BRIEF » Leaving out all images, return the entries below exactly.

Segment Open

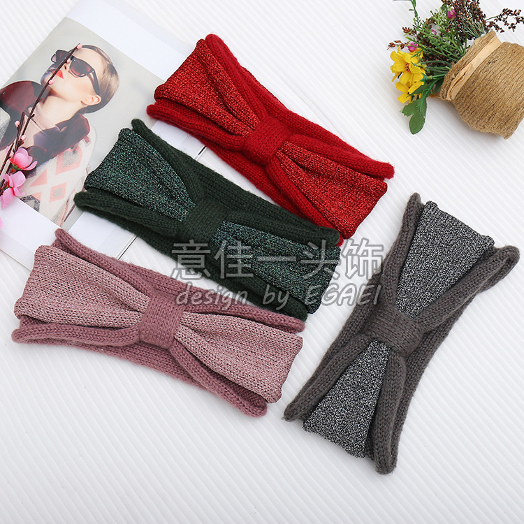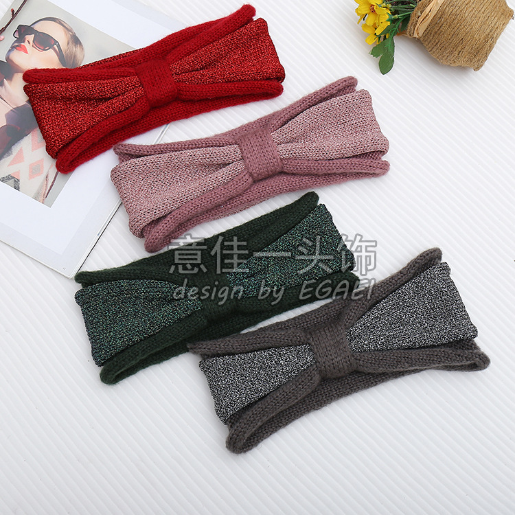 品名:珠片纱平针蝴蝶结针织发带
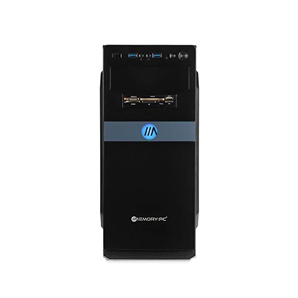 - Gehäuse: MemoryPC Midi-Tower Black mit FrontUSB 3.0 & -Audio und eingebauten Cardreader – 200 x 410 x 415mm (W x H x T)
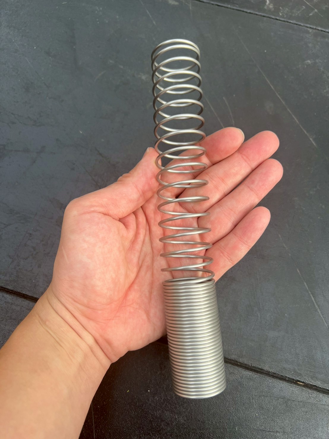 保護管彈簧–又稱蛇形保護彈簧,常套在電線、油管、纜線外側作為機械保護、防扭折與導引彈性結構,日常中也很常見,例如:油壓管線外套防護、電纜與控制線保護、自動化設備導線防纏繞…等。
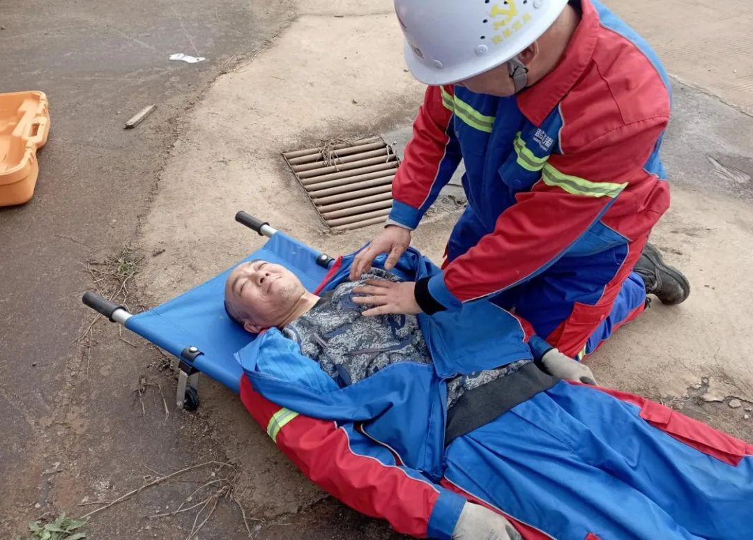 通訊警戒組在安全區(qū)域拉起警戒線,救援組迅速穿戴防護(hù)用品,緊急切斷TK102閥門。
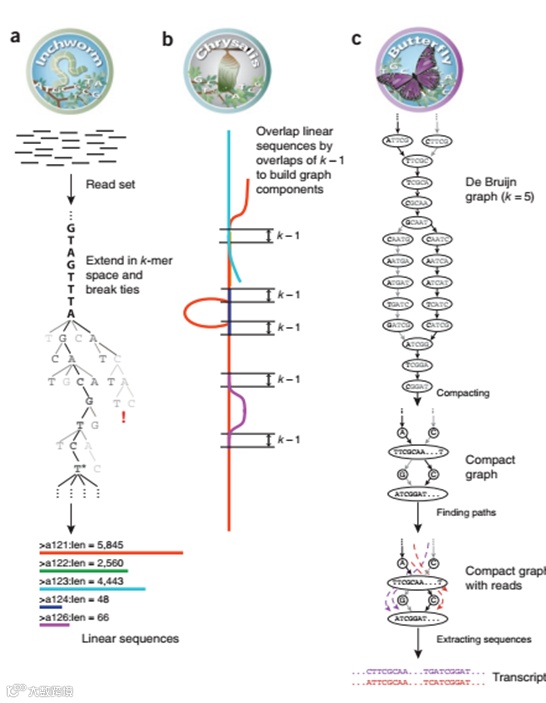 拼接的原理其实说得粗暴一点就是:谁像跟谁连。以无参转录组的老牌拼接软件:Trinity为例,稍微详细一点就是下面这样:

Segment Closed

OUTPUT OF THE EXERCISE »
 品名:珠片纱平针蝴蝶结针织发带
 - Gehäuse: MemoryPC Midi-Tower Black mit FrontUSB 3.0 & -Audio und eingebauten Cardreader – 200 x 410 x 415mm (W x H x T)
 保護管彈簧–又稱蛇形保護彈簧,常套在電線、油管、纜線外側作為機械保護、防扭折與導引彈性結構,日常中也很常見,例如:油壓管線外套防護、電纜與控制線保護、自動化設備導線防纏繞…等。
 通訊警戒組在安全區(qū)域拉起警戒線,救援組迅速穿戴防護(hù)用品,緊急切斷TK102閥門。
 拼接的原理其实说得粗暴一点就是:谁像跟谁连。以无参转录组的老牌拼接软件:Trinity为例,稍微详细一点就是下面这样:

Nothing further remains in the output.